Open karniemi opened 7 years ago
@karniemi thanks for taking the time to fill out this issue in very good detail.
The logs being put on the host from the containers was indeed a design decision that was requested by others. You're right about the switch not yet being in place on RHEL. However the switch was put into play primarily for Atomic hosts as the file "/usr/libexec/oci/hooks.d/oci-systemd-hook" can not be removed in that environment. On RHEL you should be able to simply remove that file or move it to another directory and that will also turn off oci-systemd-hook for you too.
Hope that helps!
@TomSweeneyRedHat thanks for that possible workaround. It might serve someone who's having a critical issue with the logs piling up. Personally, I feel uneasy about removing files installed by rpms, and can live with cleaning up the host journal manually until there's a proper fix for this issue.
As far as I understand, there are two issues:
(That said, I now also understand and appreciate the value of oci-systemd-hook for those who want the containers' journal to the host - automatically and without the loose privileges that were earlier required without oci-systemd-hook . :-) )
The big difference between setting up a container runtime to log, is that they are only logging messages from stdout/stderr of the primary PID of the container. All messages that are written to /dev/log or directly to the journal are dropped. If you run systemd as PID1 inside of the container then these messages can be caught and recorded on the system.
We have to figure out the best way to handle these logs that can get left behind when the container is removed.
Opened a bugzilla on this issue.
nspawn has:
--link-journal=
Control whether the container's journal shall be made visible to the host system. If enabled, allows viewing the container's journal files from the host (but not vice versa). Takes one of "no", "host", "try-host", "guest", "try-guest", "auto". If "no", the journal is not linked. If "host", the journal files are stored on the host file system (beneath /var/log/journal/machine-id) and the subdirectory is bind-mounted into the container at the same location. If "guest", the journal files are stored on the guest file system (beneath /var/log/journal/machine-id) and the subdirectory is symlinked into the host at the same location. "try-host" and "try-guest" do the same but do not fail if the host does not have persistent journaling enabled. If "auto" (the default), and the right subdirectory of /var/log/journal exists, it will be bind mounted into the container. If the subdirectory does not exist, no linking is performed. Effectively, booting a container once with "guest" or "host" will link the journal persistently if further on the default of "auto" is used.
Note that --link-journal=try-guest is the default if the systemd-nspawn@.service template unit file is used.
I think the persistent journaling should be opt-in. Particularly given that Docker is commonly driven by e.g. Kubernetes which is really all about transient and not "pet/elephant" containers.
However the switch was put into play primarily for Atomic hosts as the file "/usr/libexec/oci/hooks.d/oci-systemd-hook" can not be removed in that environment. On RHEL you should be able to simply remove that file or move it to another directory and that will also turn off oci-systemd-hook for you too.
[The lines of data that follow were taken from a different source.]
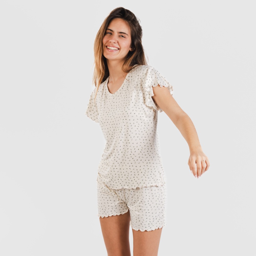 Pijama de manga corta mujer soft modelo Iris natural.
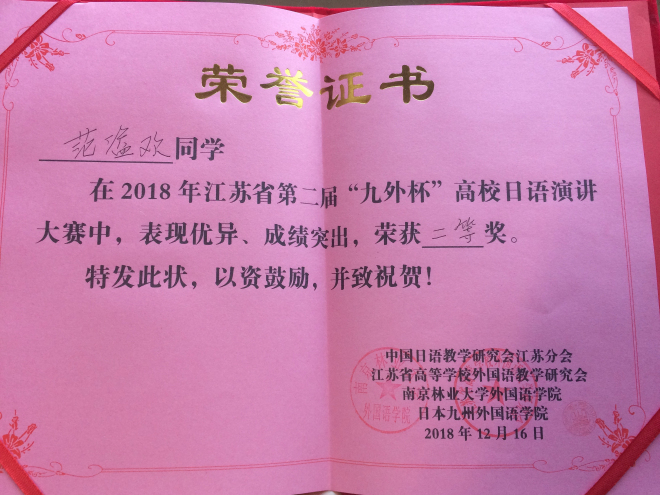 我院学子在第二届“九外杯”江苏省高校日语演讲比赛中喜获佳绩
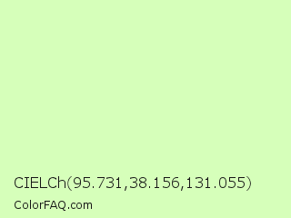 CIELCh 95.731,38.156,131.055 Color is a very light green color and the nearest color is Gossip #d2f8b0. Hex code #d6ffba and RGB value is rgb(214,255,186). In RGB color space, this color is composed of 84% red, 100% green, 73% blue, In CMYK color space, this color is composed of 16% cyan, 0% magenta, 27% yellow , 0% black , In HSL color space, this color has a hue angle of 96° , 100% saturation and 86% lightness.
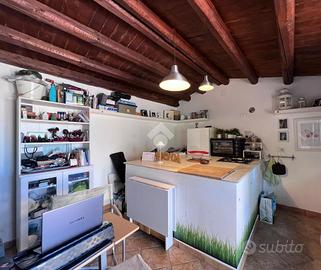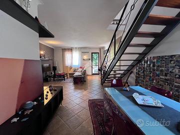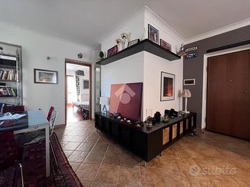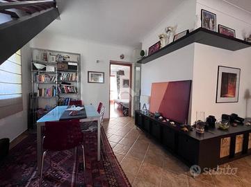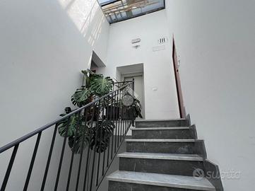 Una scala interna conduce al piano superiore dove si trova una cucina luminosa con accesso al terrazzo sovrastante, perfetto per cene all'aperto, momenti di relax o come spazio green in pieno centro città.
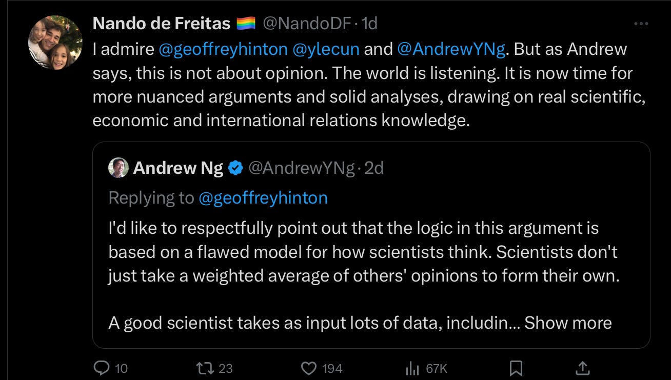 And so did DeepMind exec Nando de Freitas, rather soberly:
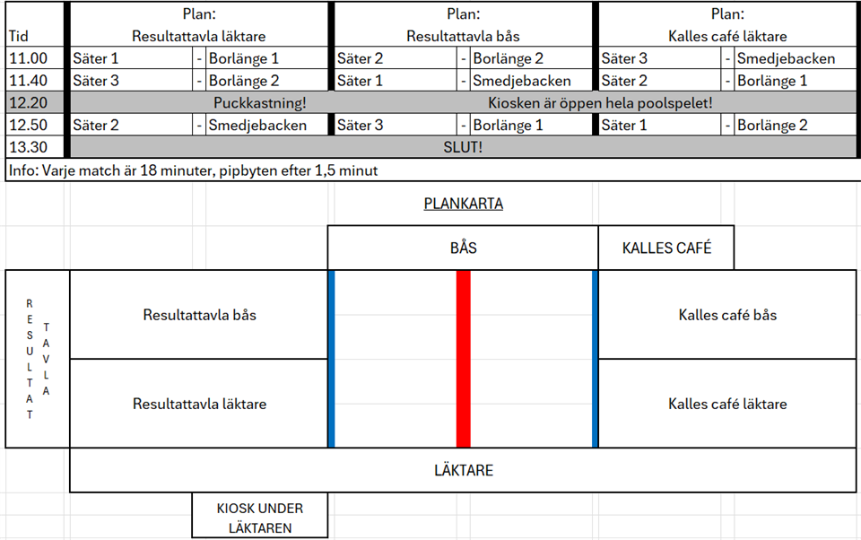 Hej! På lördag var det äntligen dags igen för lite matcher igen för barnen födda -18. Vi kommer att spela 2st matcher mot Borlänge och en mot Smedjebacken. Vi är 21st anmälda till matcherna, så vi kommer att spela med 3 lag, 7 spelare i varje lag. Vi samlas 10.15 i omklädningsrummet (vilket får vi se på lördag). Där kommer vi berätta vilket lag man spelar i och matchtröjor kommer att delas ut. Vill man ha skridskor slipade så önskar vi att ni kommer tidigare, då tiden blir tajt ifall fler vill slipa. Sen kommer vi behöva hjälp med sargbygge inför matcherna, ni ser enligt bild hur planera skall vara uppbyggda(3 st planer) Kim Larsson sköter klockan. Vi söker fortfarande någon som kan vara speaker. Om man blir sjuk eller av annan anledning inte kan deltaga på lördag, hör av er så snart ni vet till någon av oss tränare. Anton 070-7388893 Patrik 073-5673781 Staffan 070-7339505

BTW, I'm really trying to get people away from "you can't" for Atomic Host. In fact, you can - just ostree admin unlock
. That's very explicitly transient for testing though - because removing it on a yum-based system also isn't reliably persistent - a yum update
pulling in a new version of oci-systemd-hook.rpm
will happily reinstate that file. Atomic Host/ostree is enforcing best practice, not about restricting users.
For a long time I was looking at /var/log/journald growing in size beyond limits, with new sub-directories piling in that directory...
Found the reason: it's the docker-containers that are using systemd, together with RHEL dockerd and oci-systemd-hook. In CI test rounds we are running and killings tens of docker containers per day, and the killed docker-containers are leaving their journal logs hanging in /var/log/journald/ of the host system. What's worse, the host systems journal log system does not seem to rotate these hanging logs -nor does it count them when using "journalctl --disk-usage". The contradicting disk usage reported "du"-command and "journalctl --disk-usage" was making me mad as well(and maybe would be worth another issue report). Anyway, the killed docker-containers leave "/var/log/journald//system.journal"-named files on the host, and probably the journal log rotation rules consider them as open, so it does not clean them...which causes the host journal to grow beyond the configured limits.
Versions: oci-systemd-hook 1:0.1.8-4.1.gite533efa.el7 which was brought in as a dependency of docker-1.12.6-48.git0fdc778-el7
(I'm not quite sure if it's really been a wise decision to automatically "leak" journal logs from containers to host. Yes, it's a design decision from Red Hat -and I understand it is intentional. Still, containers were supposed to be isolated environments - so at least I would have preferred keeping the default as not to leak the journal logs(nor anything else) from containers to the host. Why make journal a special case for the simple host-container-isolation-paradigma?)
Unfortunately, the version of oci-systemd-hook shipped by Red Hat does not support '--env oci-systemd-hook=disabled' ... so the only workaround is to periodically clean up the /var/log/journal manually?